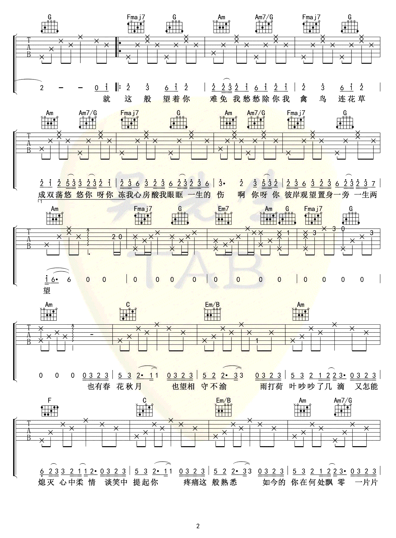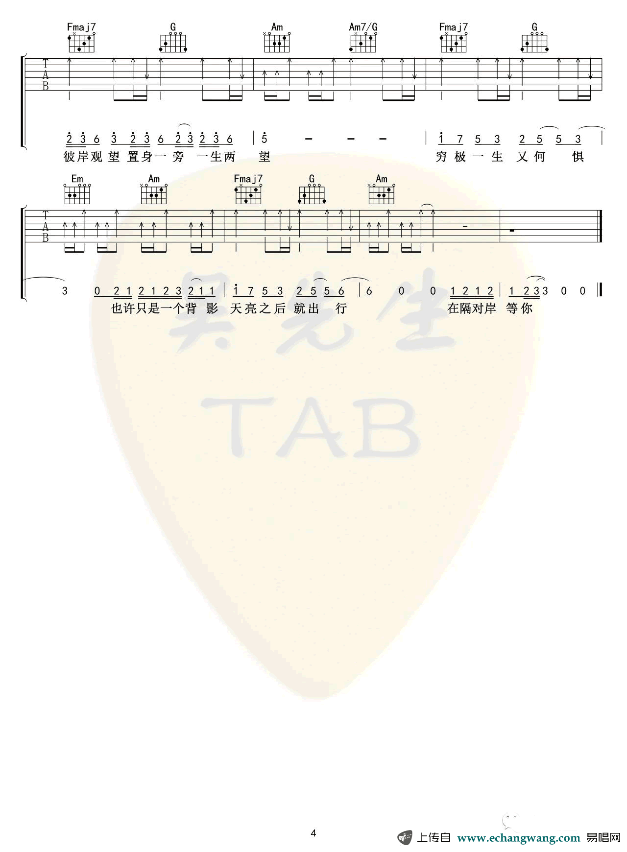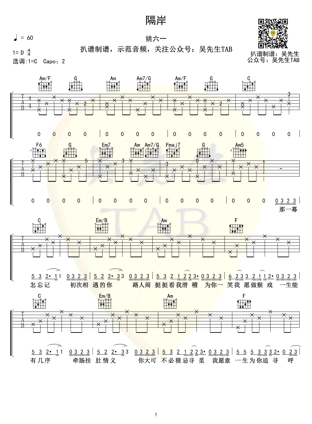 曲谱介绍: 姚六一《隔岸》吉他谱,原调D选调C,CAPO夹二品。一首古风歌曲,隔岸吉他弹唱谱,完整编配共四张图片六线谱 人生能有多少次邂逅?走马观花,抑或惊鸿一瞥,举手抬足间牵扯出纠缠的曲线。那一幕相遇的怦然心动,不禁地牵肠挂肚。谈笑风声中,多少往昔掺杂着琐碎的点滴,挥不去的是你点点柔情。 此去经年,也有春华秋月,也有相守不渝。穷极一生,奈何冷暖如流,奈何情深缘浅。为何禽鸟花草都成双入对,而你我竟隔岸观望?缘来缘去,这生生横亘的鸿沟,你却置身事外,一生两望。也许只是在期待一个背影,一个心之所属的希望。天亮以后整装待发,而你又会在哪里,是不是也在对岸等我?
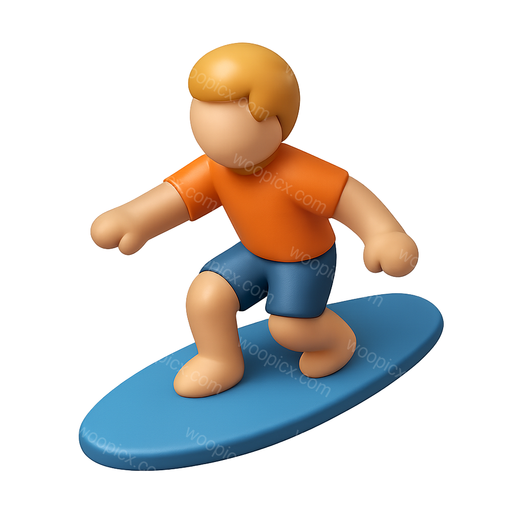 A vibrant 3D icon depicting a person riding a surfboard. The figure features a simplistic design with a blue surfboard and an orange shirt, set against a softly blurred background.
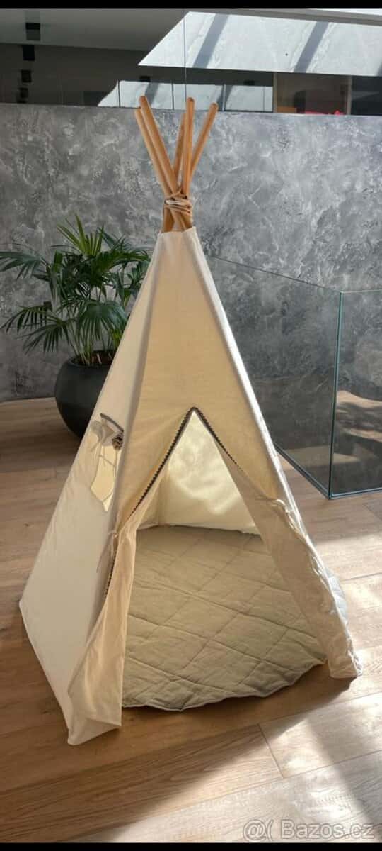 Prodám krásný dětský látkový stan s dřevěnou konstrukcí.
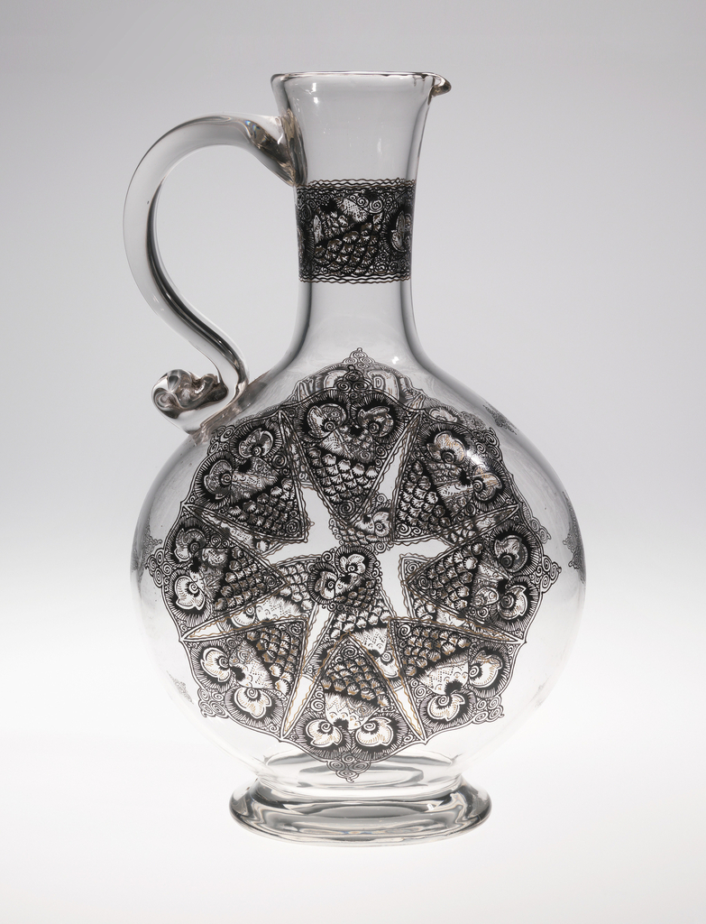 Massanetz’s water pitcher is of blown glass with applied handles. The surface is decorated with black-pen painting and gold decoration, a technique refined in Steinschönau, in northern Bohemia. The intricate, lace-inspired design radiates symmetrically from the middle of the body, creating a kaleidoscope of pattern and detail.
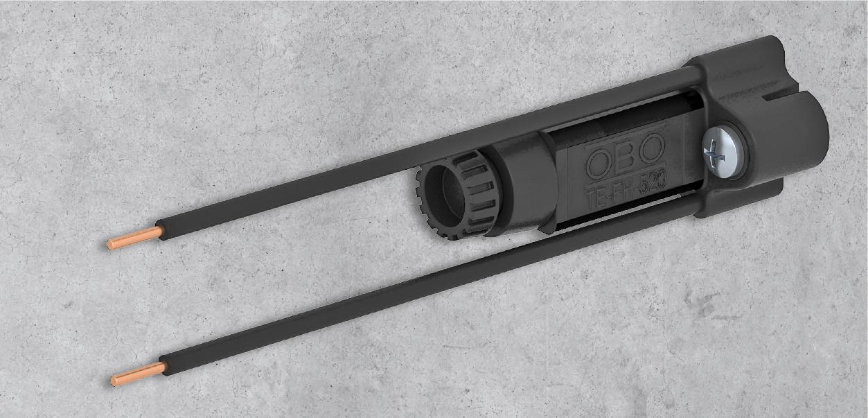 Fuse holder with bayonet lock for fine-wire fuse for dimensions Ø 5 x 20 mm. Connection wires that maintain electrical functionality with nominal cross-section 2.5 mm², ready-stripped. For mounting on one of the exposed domes in the junction box of the FireBox T series using the supplied screw.
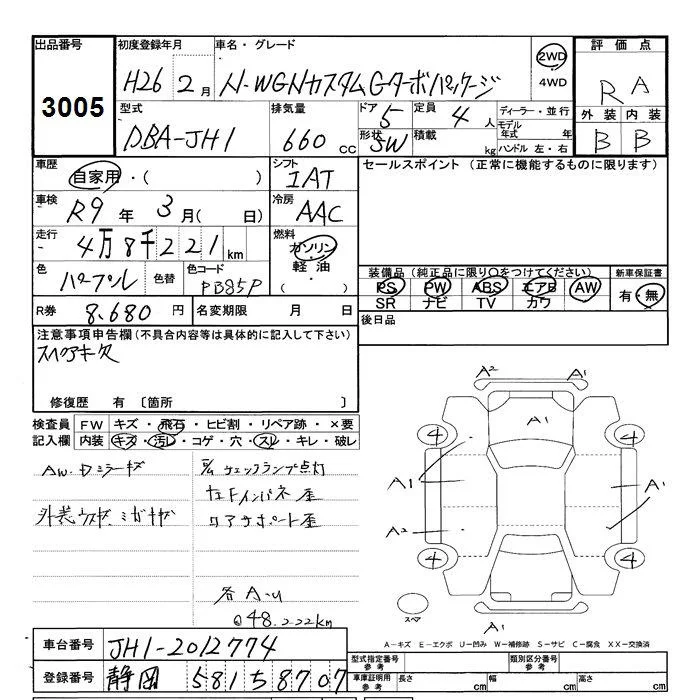 Honda N WGN с аукциона Японии JU Shizuoka лот № 3005
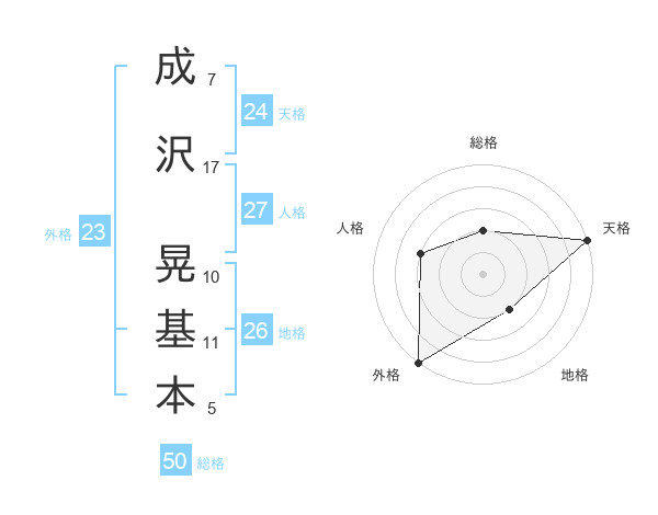成沢 晃基本さんを姓名の画数から五運を鑑定
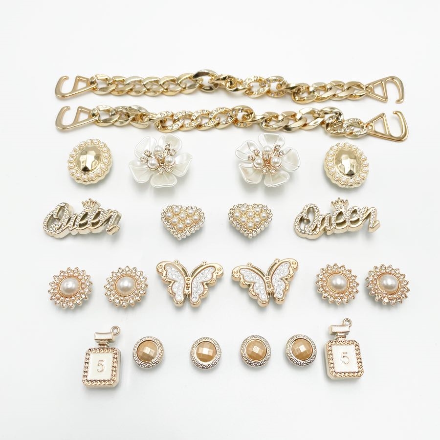 Dette luksuriøse charms-sæt til Crocs kombinerer guldlook, perler og rhinsten for et elegant, feminint og stilfuldt udtryk. Sættet indeholder flere forskellige designs, herunder blomster, sommerfugle, hjerter, “Queen”-emblemer samt mini parfume-flakon charms. Derudover medfølger dekorative kæder, som kan monteres over forfoden for et ekstra glamourøst look.
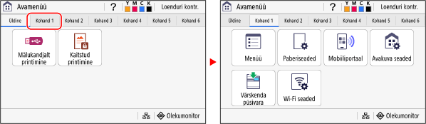 Puudutage ekraani ja libistage sõrmeotsa. Ekraan liigub sõrmega libistamise suunas. Näiteks kuva [Avamenüü] liigub sõrmega libistamise suunas asuvale vahekaardile.
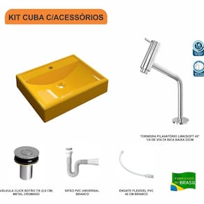 O Kit KTCART490W.CL.1060.AP02 é uma combinação perfeita da Cuba de Apoio CART490W.CL com acessórios complementares, prontos para instalação no seu lavabo ou móvel de banheiro. Ele conta com 1 Cuba de Apoio Retangular RT49 50,5X40cm Colorida e 1 Torneira para Lavatório Pratika 45° 1/4 Volta Bica Baixa 22cm Metal Cromado e 1 Válvula para Lavatório Click Up Interno 1 Polegada (2,6cm) V02 Metal Cromado e 1 Sifão Pvc Universal Branco e 1 Engate Flexível Pvc Branco 40cm, todos compatíveis e prontos para instalação. Acompanha Flexível: Sim Acompanha Manual de Instalação: Sim Acompanha Sifão: Sim Acompanha Torneira: Sim Altura: 10,5 cm Altura da Torneira: 22 cm Ambiente Principal: Banheiro Comprimento: 50,5 cm Comprimento do Flexível: 40 cm Comprimento Máximo do Sifão: 71 cm Comprimento Mínimo do Sifão: 29 cm Cor: Amarelo Cor do Produto: Amarelo Diâmetro: cm Diâmetro de Entrada do Sifão: 1.1/4 Polegadas Diâmetro de Saída do Sifão: 1.1/4 Polegadas Diâmetro do Flexível: 1/2 Polegada Diâmetro do furo: 32 mm Diâmetro para válvula: 32 mm Espessura: mm Itens Inclusos: 1 Cuba de Apoio, 1 Torneira de mesa baixa, 1 Válvula de Escoamento Clik Up, 1 Sifão PVC Universal Branco, 1 Engate Flexível 40cm Largura: 40 cm Linha ou Coleção: Plus Manual de Montagem e Instalação: https://cdn2.madeiramadeira.com.br/atributo/compace/663381-ktcart490wcl1060ap02.rar Material da Torneira: Latão Material do Flexível: PVC Material do Sifão: PVC Material Principal: Mármore Sintético Origem do Produto: Nacional Peso: 7,02 kg Possui furação para torneira: Sim Possui ladrão: Não Pressão Indicada do Flexível: Baixa Pressão Pressão Máxima da Torneira: 40 mca Pressão Mínima da Torneira: 2 mca Profundidade: cm Recomendações de Uso, Manutenção e Limpeza: Utilize flanela seca ou pano macio, levemente umedecido com água. Evite contato com produtos químicos e abrasivos (solventes, thinner, acetona etc) e não utilize nenhum tipo de esponja de aço. Para maior brilho, recomendamos a utilização de cera automotiva n° 2. Tipo de Acionamento da Torneira: 1/4 de volta Tipo de sifão: Flexível Válvula oculta: Não

- **Exercise description**: Leave out the images and write out the lines above exactly, from the one with "成沢 晃基本さんを姓名の画数から五運を鑑定" up to and including the one with "Puudutage ekraani ja".

- **Solution**:
成沢 晃基本さんを姓名の画数から五運を鑑定
 Dette luksuriøse charms-sæt til Crocs kombinerer guldlook, perler og rhinsten for et elegant, feminint og stilfuldt udtryk. Sættet indeholder flere forskellige designs, herunder blomster, sommerfugle, hjerter, “Queen”-emblemer samt mini parfume-flakon charms. Derudover medfølger dekorative kæder, som kan monteres over forfoden for et ekstra glamourøst look.
 Puudutage ekraani ja libistage sõrmeotsa. Ekraan liigub sõrmega libistamise suunas. Näiteks kuva [Avamenüü] liigub sõrmega libistamise suunas asuvale vahekaardile.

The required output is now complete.